From their own lips I have heard a recital of their sorrows: and the following cases will give you a tolerably distinct as well as accurate idea of what has occurred:
  Mary Ann Watt an intelligent little girl, thirteen years old, lost both her parents in the wreck, and knew none of the surviving passengers, except a young woman, who, like herself, came from the county of Tyrone. She never saw her father after the vessel struck, nor can she give any tidings of him. She was dragged through the water to the shore. Her mother, who was a woman of an extremely delicate frame, appears to have been either too feeble or too timid to trust herself to the boom. About eight o'clock on Saturday morning, as she was standing upon the deck, a large piece of timber struck her on her left side. She held up one of her hands, uttered a faint shriek, and fell. A sailor ran to her assistance, but life was extinct. The case of the daughter, as is natural, has excited an extraordinary interest.

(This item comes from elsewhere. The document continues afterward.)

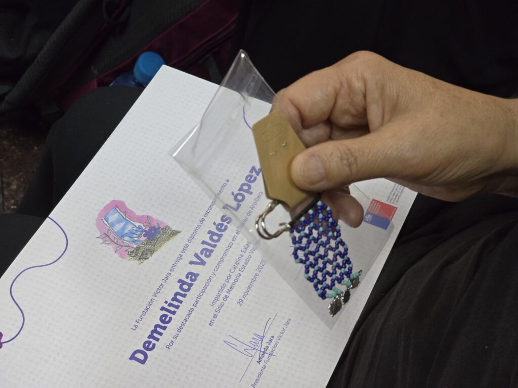 La estudiante del taller de telar mapuche, Natalia Justiniano Pereira, comentó su gratitud por haber sido parte de este curso. «Siento un orgullo muy grande de haber participado, de haber logrado llegar hasta el final con mis trabajos, y de estar en este lugar (sitio de memoria) creando y entregando amor, creatividad, paciencia. Doy las gracias a este espacio de memoria».

  The poor orphan, you will be glad to hear, has since found a home in a respectable Irish family in this town.

From the Liverpool Journal (on the authority of Captain Crosby): we regret that the crew acted in a manner derogatory to the character of British Sailors. With a selfish and cowardly inhumanity, they quitted the wreck and refused to lend the Captain any further assistance. The first and second mate (the latter is Captain Crosbie's son) and the carpenter, however, stood by him in this emergency and the two last, having got onto a rock, they made preparations for getting the passengers ashore. In a state of exposure and exhaustion, they continued their exertions for the preservation of the passengers until four o'clock in the morning when David Griffiths, a seaman in the neighbourhood, assisted by Owen Jones and other persons, succeeded in rescuing between forty and fifty men, women and children, from their perilous situation on the wreck.
  Dafydd [David] Griffiths was awarded the R.N.L.I. silver medal and £20 for his bravery. (A considerable amount of money in those days)

The wreck broke up quickly and very little was recovered of the possessions of the passengers. The wreck was sold for salvage.
  Today (2018) Some small pieces of wreckage are still on the seabed in about 6m depth.